What needs to be done: Leave the pictures out and write out exactly the lines from the top of the entries through the line containing "12月積雪的厚度不足以滑雪,滑雪吊椅還孤零零地停在半空中".

Provided data:
- - -
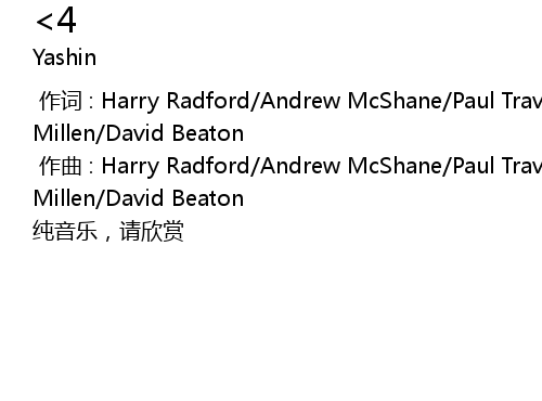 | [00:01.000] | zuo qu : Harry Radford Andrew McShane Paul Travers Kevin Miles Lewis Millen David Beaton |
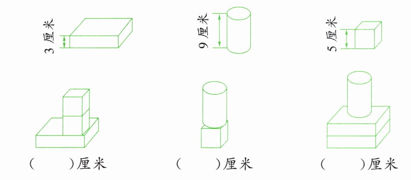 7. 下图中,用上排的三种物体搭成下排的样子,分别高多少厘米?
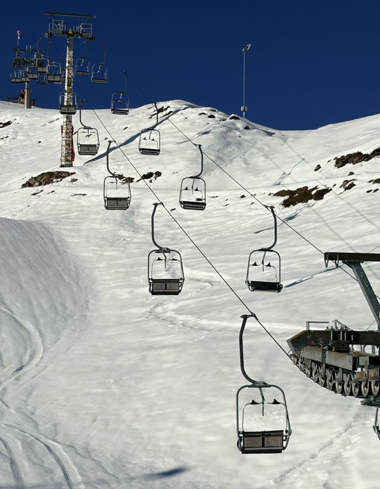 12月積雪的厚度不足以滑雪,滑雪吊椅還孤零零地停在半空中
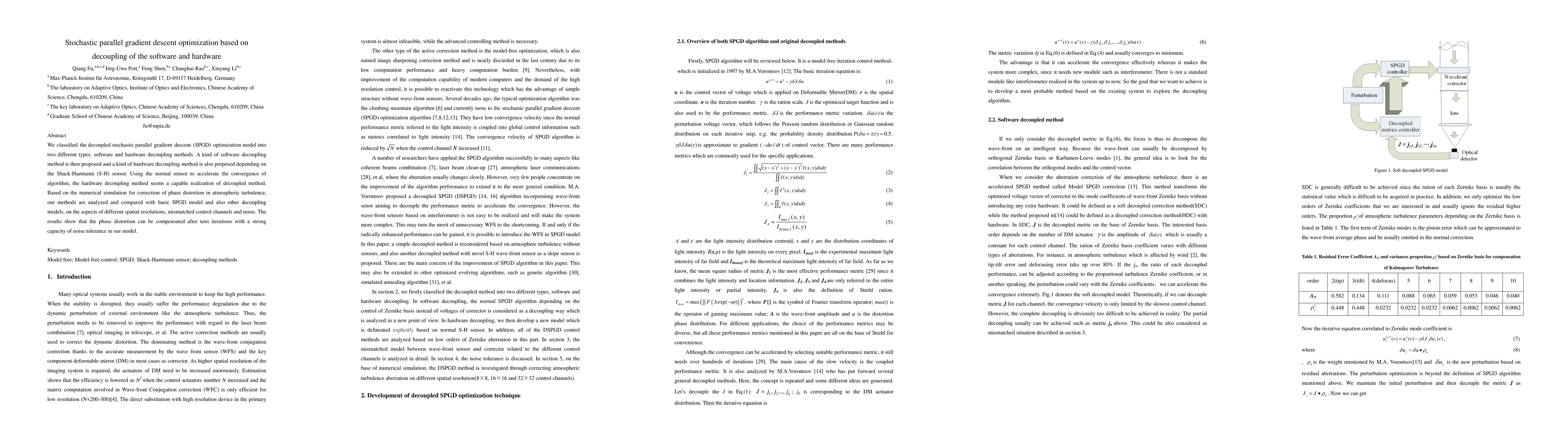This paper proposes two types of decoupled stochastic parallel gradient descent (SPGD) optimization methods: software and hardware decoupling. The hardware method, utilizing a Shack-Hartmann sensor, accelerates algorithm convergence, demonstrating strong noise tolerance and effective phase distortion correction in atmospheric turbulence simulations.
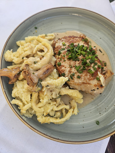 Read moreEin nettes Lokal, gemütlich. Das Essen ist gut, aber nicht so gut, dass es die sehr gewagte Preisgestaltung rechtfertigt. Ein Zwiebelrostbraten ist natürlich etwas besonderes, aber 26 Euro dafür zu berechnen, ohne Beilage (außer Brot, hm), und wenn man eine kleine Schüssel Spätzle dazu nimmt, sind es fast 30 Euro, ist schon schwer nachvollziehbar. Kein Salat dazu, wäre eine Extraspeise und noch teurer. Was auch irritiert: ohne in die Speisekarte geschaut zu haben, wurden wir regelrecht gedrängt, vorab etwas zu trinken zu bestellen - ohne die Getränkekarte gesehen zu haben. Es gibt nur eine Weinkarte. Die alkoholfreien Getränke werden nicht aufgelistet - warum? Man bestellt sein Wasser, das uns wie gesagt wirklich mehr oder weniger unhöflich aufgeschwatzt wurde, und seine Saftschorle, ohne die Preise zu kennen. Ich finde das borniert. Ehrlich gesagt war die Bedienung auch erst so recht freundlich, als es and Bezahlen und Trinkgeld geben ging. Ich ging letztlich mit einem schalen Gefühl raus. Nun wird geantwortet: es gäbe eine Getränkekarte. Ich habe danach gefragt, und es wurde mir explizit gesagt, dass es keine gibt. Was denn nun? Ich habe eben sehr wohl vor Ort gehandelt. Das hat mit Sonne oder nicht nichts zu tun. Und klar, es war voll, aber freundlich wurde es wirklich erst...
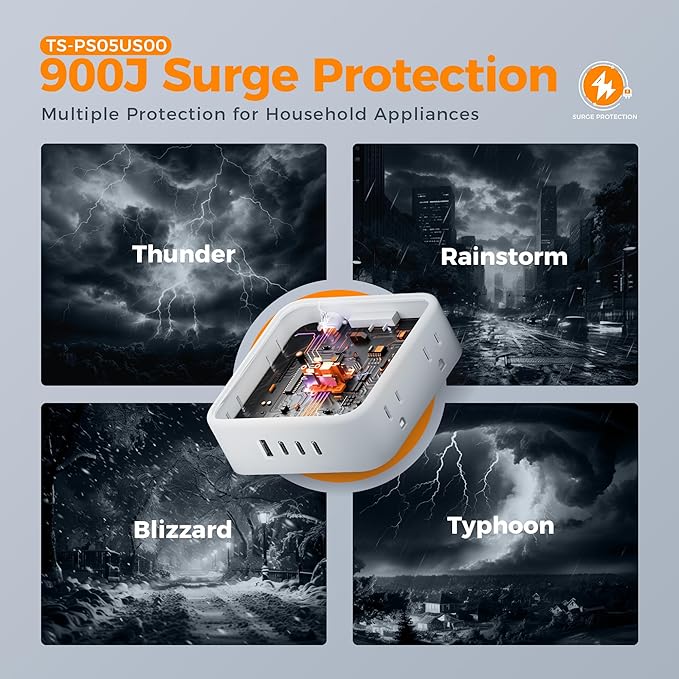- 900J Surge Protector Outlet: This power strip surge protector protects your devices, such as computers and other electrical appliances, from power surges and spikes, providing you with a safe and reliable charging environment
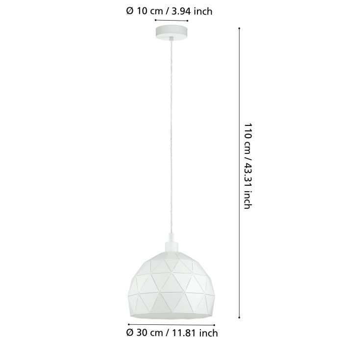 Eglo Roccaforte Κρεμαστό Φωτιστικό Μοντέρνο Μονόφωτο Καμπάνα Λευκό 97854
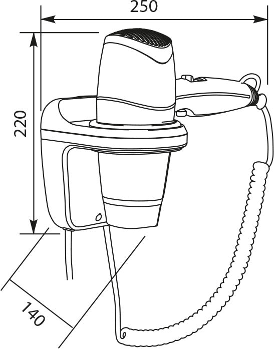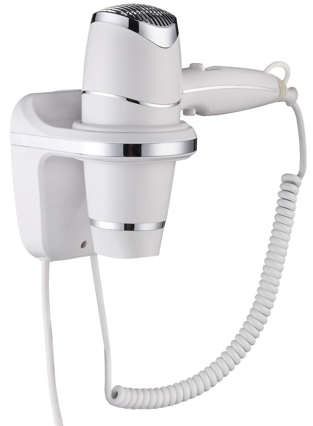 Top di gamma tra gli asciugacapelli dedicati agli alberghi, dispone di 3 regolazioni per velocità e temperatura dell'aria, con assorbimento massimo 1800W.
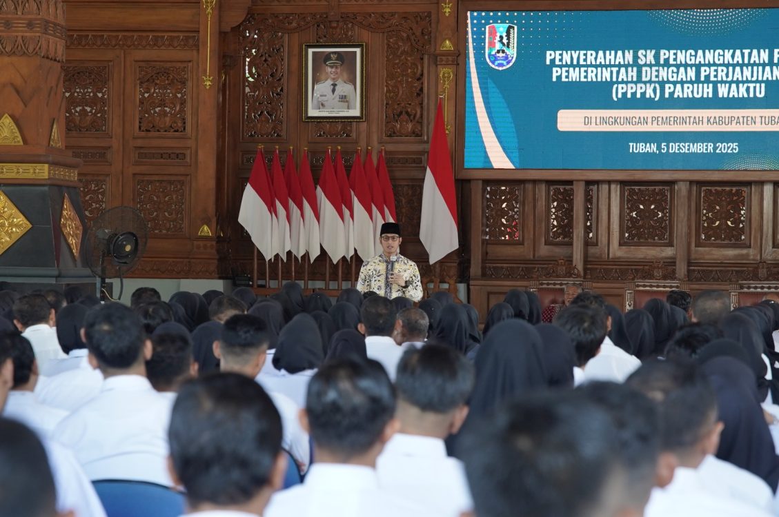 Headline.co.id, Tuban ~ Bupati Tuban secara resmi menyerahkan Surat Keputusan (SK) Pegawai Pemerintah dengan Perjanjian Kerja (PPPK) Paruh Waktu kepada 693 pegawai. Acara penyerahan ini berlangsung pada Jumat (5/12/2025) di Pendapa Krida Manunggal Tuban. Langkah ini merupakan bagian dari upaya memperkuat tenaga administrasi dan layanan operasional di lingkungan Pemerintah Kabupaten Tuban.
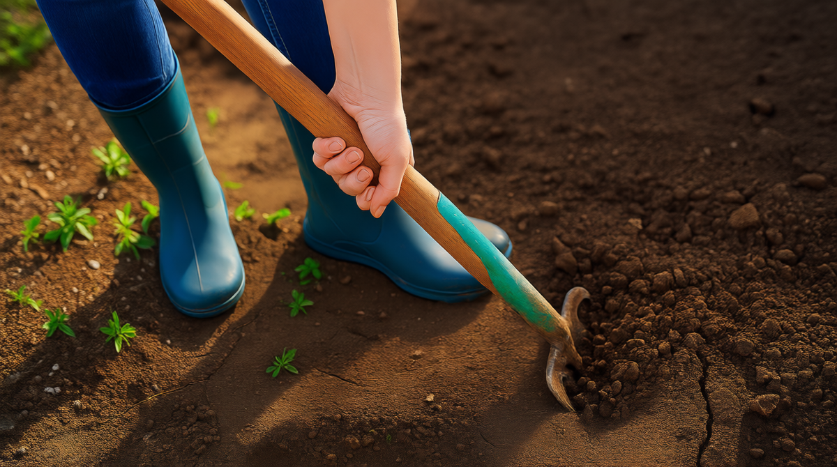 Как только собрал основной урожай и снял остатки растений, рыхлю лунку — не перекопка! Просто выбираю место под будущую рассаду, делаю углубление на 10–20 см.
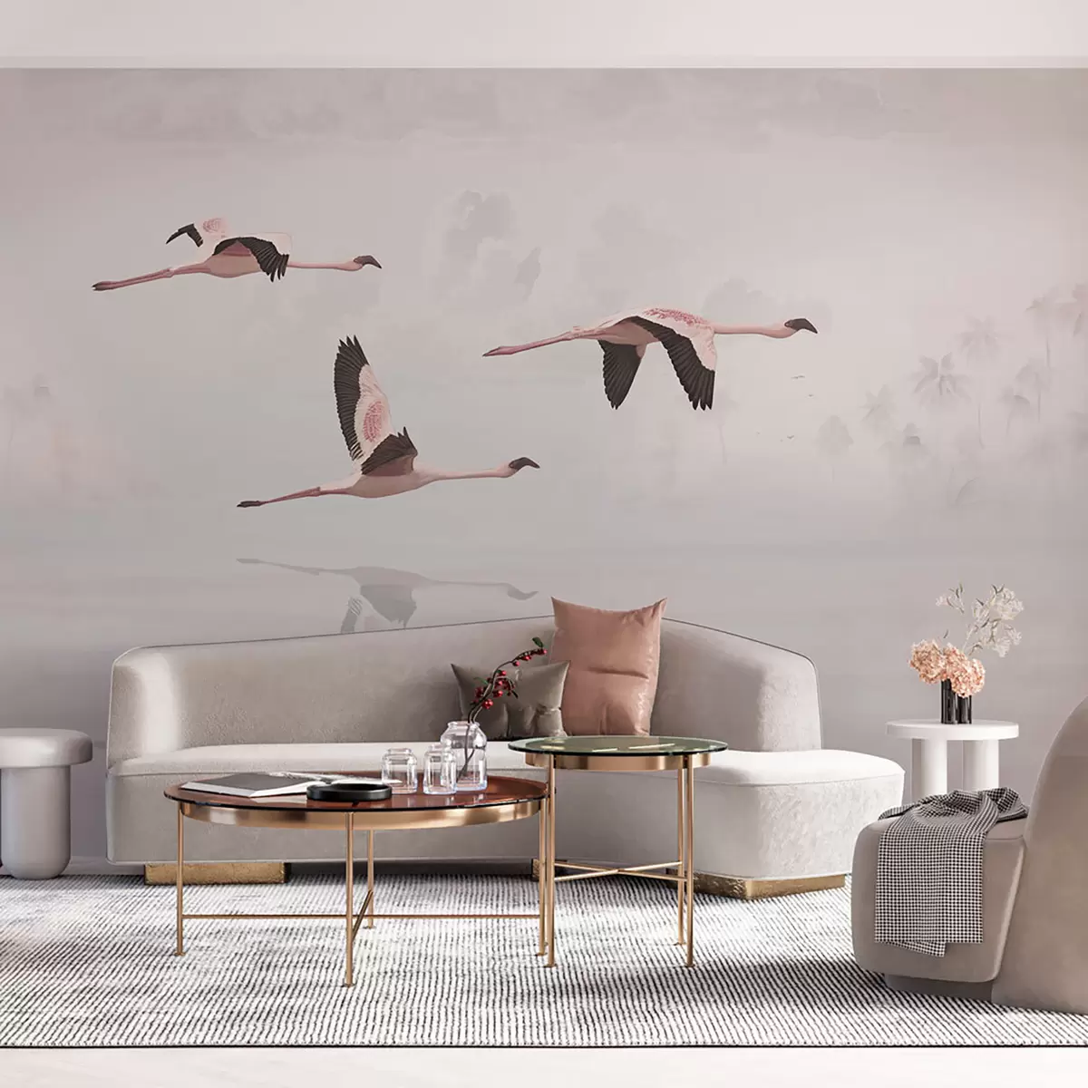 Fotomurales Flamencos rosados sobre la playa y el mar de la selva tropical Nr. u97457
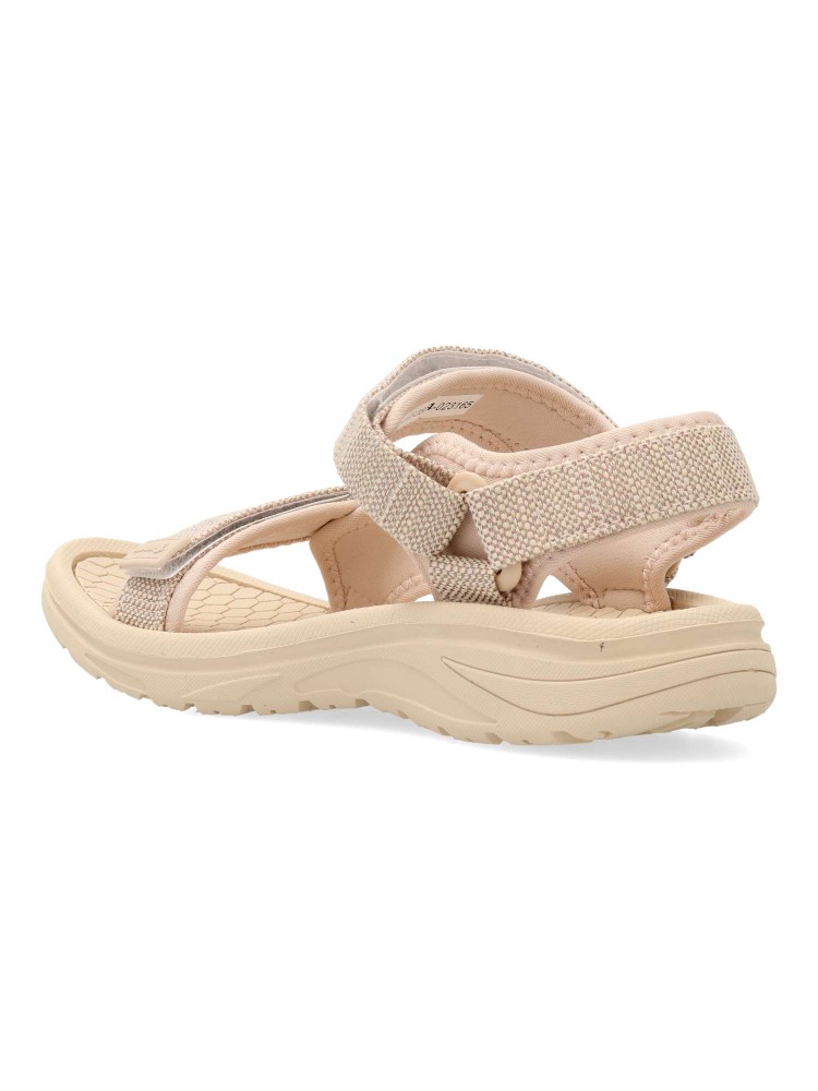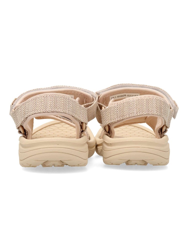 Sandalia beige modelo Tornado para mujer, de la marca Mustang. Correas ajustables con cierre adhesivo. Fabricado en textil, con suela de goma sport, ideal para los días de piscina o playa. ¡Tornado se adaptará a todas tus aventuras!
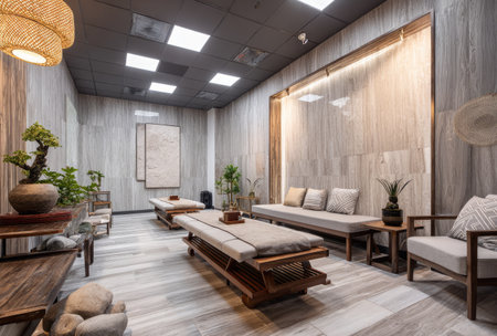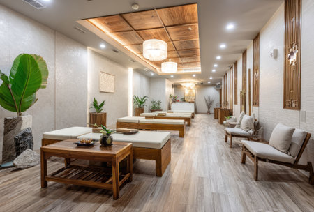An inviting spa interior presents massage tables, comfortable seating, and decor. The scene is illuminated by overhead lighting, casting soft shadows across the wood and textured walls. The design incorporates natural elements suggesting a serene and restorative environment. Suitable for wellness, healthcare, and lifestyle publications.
- - -
Result for this exercise:
 | [00:01.000] | zuo qu : Harry Radford Andrew McShane Paul Travers Kevin Miles Lewis Millen David Beaton |
 7. 下图中,用上排的三种物体搭成下排的样子,分别高多少厘米?
 12月積雪的厚度不足以滑雪,滑雪吊椅還孤零零地停在半空中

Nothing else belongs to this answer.